1.4 Using software in research
Many people use spreadsheets (such as Microsoft Excel) for analysis of data in research.
Using spreadsheets requires extreme care; many extremely expensive and dangerous errors have been made due to using spreadsheets (AlTarawneh and Thorne 2017), including problems when reporting the 2020 COVID-19 pandemic.
Problems may emerge for many different reasons:
- Spreadsheets can automatically change the entered data (for example, reformatting entries as dates if the spreadsheet thinks the data should be a date), even when not appropriate. This has had dire consequences (Ziemann et al. 2016).
- Spreadsheets may include formulas with errors (Panko and Sprague Jr 1998), that are incredibly difficult to locate and hence fix (Galletta et al. 1996; Panko 2016; London and Slagter 2021).
- Spreadsheets do not leave a record of how the data have been analysed or prepared; for example, formulas can be very difficult to understand and parse. Keeping a record of the analysis, preparation of variables, and other operations with the data are part of what is called reproducible research (Simons and Holmes 2019). Reproducibility ensures, among other advantages, that the results can be checked by the researchers and by others.

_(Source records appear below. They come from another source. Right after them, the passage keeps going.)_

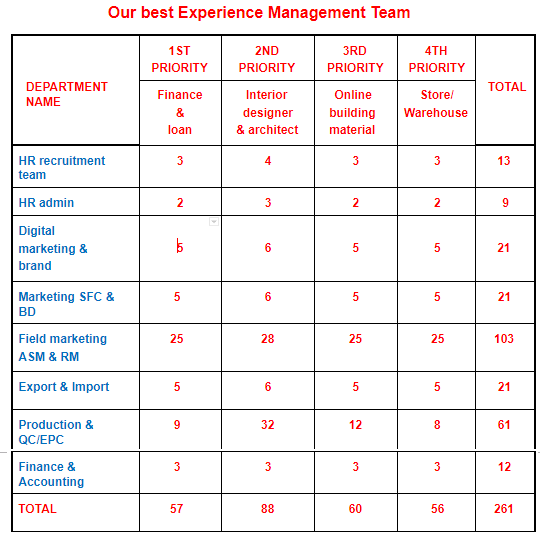 The management of our group company is well trained ,experienced and honest . The employees of our group company are very hard working , ambitious ,motivated, cooperative and has strong work ethic. There are different departments for different areas of work and each department has its own specialized and experienced team . the projects are down to earth and cost effective.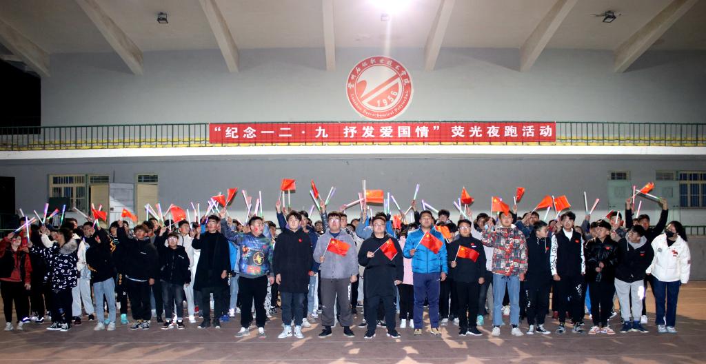12月9日晚,团委在东区操场举办“纪念一二·九、抒发爱国情”荧光夜跑活动。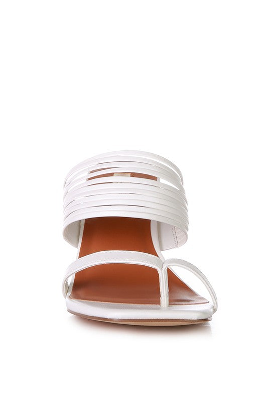 With bangle strap detailing and light cushioning for comfort, these mid-heel block sandals are here to make a statement wherever you walk! The sandals have a toe ring detail and thin faux leather straps making them look extra gorgeous on your feet.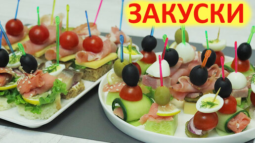 Закуски на Новый Год. Две тарелки быстрых канапе на праздничный стол.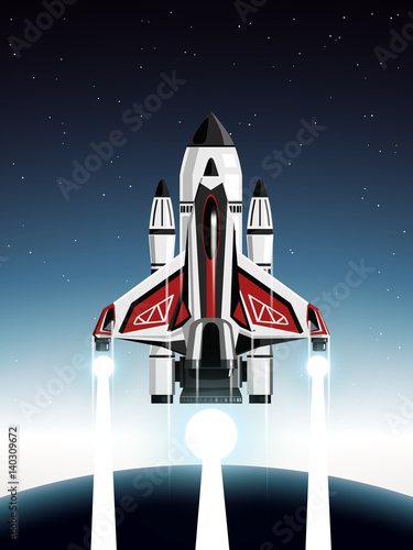Obraz premium space shuttle launching from earth to other planet

- Excel has bugs (Keeling and Pavur 2004; Mélard 2014) even in very basic operations (Berger 2007; Hargreaves and McWilliams 2010). After trying to fix these bugs, sometimes they are made even worse (McCullough and Wilson 2002).
Spreadsheets can be used for research and analysis… but you must be very careful!
Many of the problems with using spreadsheets are due to human error, but spreadsheets make the errors hard to find. Some errors emerge because Excel is being used for purposes it is not really designed for (i.e., scientific analysis).